How Does Lupus Affect the Heart?

Systemic Lupus Erythematosus (SLE) is a chronic autoimmune disease characterized by the immune system mistakenly attacking its own healthy tissues. This systemic attack generates chronic inflammation that can affect nearly any organ, and the heart is a frequent target. Cardiac involvement is common in SLE patients, and cardiovascular disease has become a leading cause of illness and death. Understanding how this inflammation manifests in the heart’s structure—from its outer sac to its valves and blood vessels—is important for early detection and effective management.

Damage to the Heart Sac and Muscle

The most frequent cardiac manifestation of lupus is pericarditis, which is the inflammation of the pericardium, the thin, fluid-filled sac surrounding the heart. This condition affects an estimated 20% to 40% of SLE patients and often presents with a distinctive sharp chest pain. The pain typically worsens when lying flat or taking a deep breath and may be relieved by leaning forward.

Inflammation can cause an excessive buildup of fluid within the sac, known as a pericardial effusion. If this fluid accumulates rapidly or in large amounts, it can put pressure on the heart, restricting its ability to fill with blood (cardiac tamponade). Treatment for pericarditis usually involves anti-inflammatory medications to reduce the swelling and manage the symptoms.

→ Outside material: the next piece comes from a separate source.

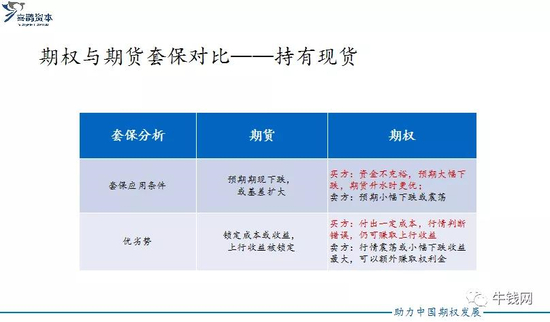 还有,期权与期货在套保上,我认为期权它也有它的优势。比如说一些现货贸易商怕跌在手中对吧?你这个时候用期货,其实它的保证金很大。那如果要防止它跌的话,我拿小小的资金买个看跌期权,占用的资金量很小,又不妨碍我们继续。那如果我们错的话呢?你如果用期货就锁仓了。但是我用期权的话,如果现货它一直涨,它也并不妨碍我现货上的收益,因为我买的是看跌期权,只是一点点的权利金。所以这个在套保运用过程中,持有现货的时候用了一个期权作用。还有,持有现货我可以卖看涨期权,我收到权利也金也意味着是对冲我的风险。这个时候反而我不需要用成本去对冲,我还可以收钱去对冲我的成本。所以我相信未来国内用期权来做套保会越来越普及,因为这个工具确实用得好是很好的。

A less common but more severe complication is myocarditis, which involves inflammation of the myocardium, or the heart muscle itself. This inflammation can weaken the heart’s ability to pump effectively, potentially leading to heart failure or disturbances in heart rhythm. Damage to the muscle tissue can be permanent, requiring prompt diagnosis and intensive immunosuppressive treatment.

Valve and Inner Lining Inflammation

Lupus can also directly target the endocardium, the delicate inner lining of the heart, and the heart valves. The unique form of valve disease associated with SLE is known as Libman-Sacks endocarditis, also called nonbacterial thrombotic endocarditis. This condition is characterized by the growth of sterile, wart-like deposits, or vegetations, on the heart valves.

These growths are composed of immune complexes, fibrin, and blood platelets, developing in the absence of a bacterial infection. The vegetations most frequently appear on the left-sided valves, particularly the mitral valve and the aortic valve. While often clinically silent, these deposits can cause the valve leaflets to thicken, leading to dysfunction such as regurgitation (leaking) or, less often, stenosis (narrowing).

A significant risk associated with Libman-Sacks endocarditis is the potential for these vegetations to dislodge and travel through the bloodstream. These fragments, acting as emboli, can cause blockages in other organs, most notably leading to stroke if they travel to the brain. The presence of antiphospholipid antibodies, often found in SLE patients, is strongly associated with the development of these vegetations and the increased stroke risk.

Accelerated Vascular Disease

The most life-threatening cardiac complication for patients with lupus is the accelerated development of atherosclerosis, the hardening and narrowing of the arteries. This is the underlying cause of coronary artery disease (CAD), heart attacks, and stroke, and it is the leading cause of death in SLE survivors. Unlike the general population, where traditional risk factors primarily drive atherosclerosis, lupus-related inflammation is a major independent factor.

Chronic, systemic inflammation inherent to lupus disrupts the normal function of the endothelium, the inner lining of blood vessels, initiating rapid plaque formation. Lupus-specific factors, including the presence of autoantibodies and ongoing immune system activity, significantly contribute to this vascular damage. This process means that many SLE patients develop significant coronary artery disease at a much younger age than their peers without the condition.

The risk is particularly pronounced in younger women with lupus, who may face a risk of heart attack that is many times higher than that of age-matched women in the general population. This excess risk is not fully accounted for by factors like high blood pressure or high cholesterol alone, highlighting the unique inflammatory mechanism at play. Aggressive management of both lupus disease activity and cardiovascular risk factors is required to mitigate this heightened danger.

Screening and Management of Cardiac Complications

Given the high prevalence of heart involvement, regular cardiac screening is an important component of lupus care, even in patients without obvious symptoms. Diagnostic tools such as electrocardiograms (ECG), echocardiograms, and sometimes cardiac magnetic resonance imaging (MRI) are used to detect early signs of pericardial effusion, valve abnormalities, or changes in heart muscle function. Traditional cardiovascular risk calculators often underestimate the true risk in SLE patients, necessitating a more proactive approach.

The primary strategy for managing lupus-related heart complications is the aggressive control of the underlying systemic inflammation and disease activity. Many of the medications used to treat lupus also offer protection for the heart; for instance, hydroxychloroquine has been shown to reduce cardiovascular risk and improve survival in SLE patients. Beyond treating the lupus itself, physicians must also manage all traditional risk factors with greater intensity, including stringent control of blood pressure and cholesterol levels. This often requires medication and lifestyle modifications to achieve targets that are lower than those set for the general population.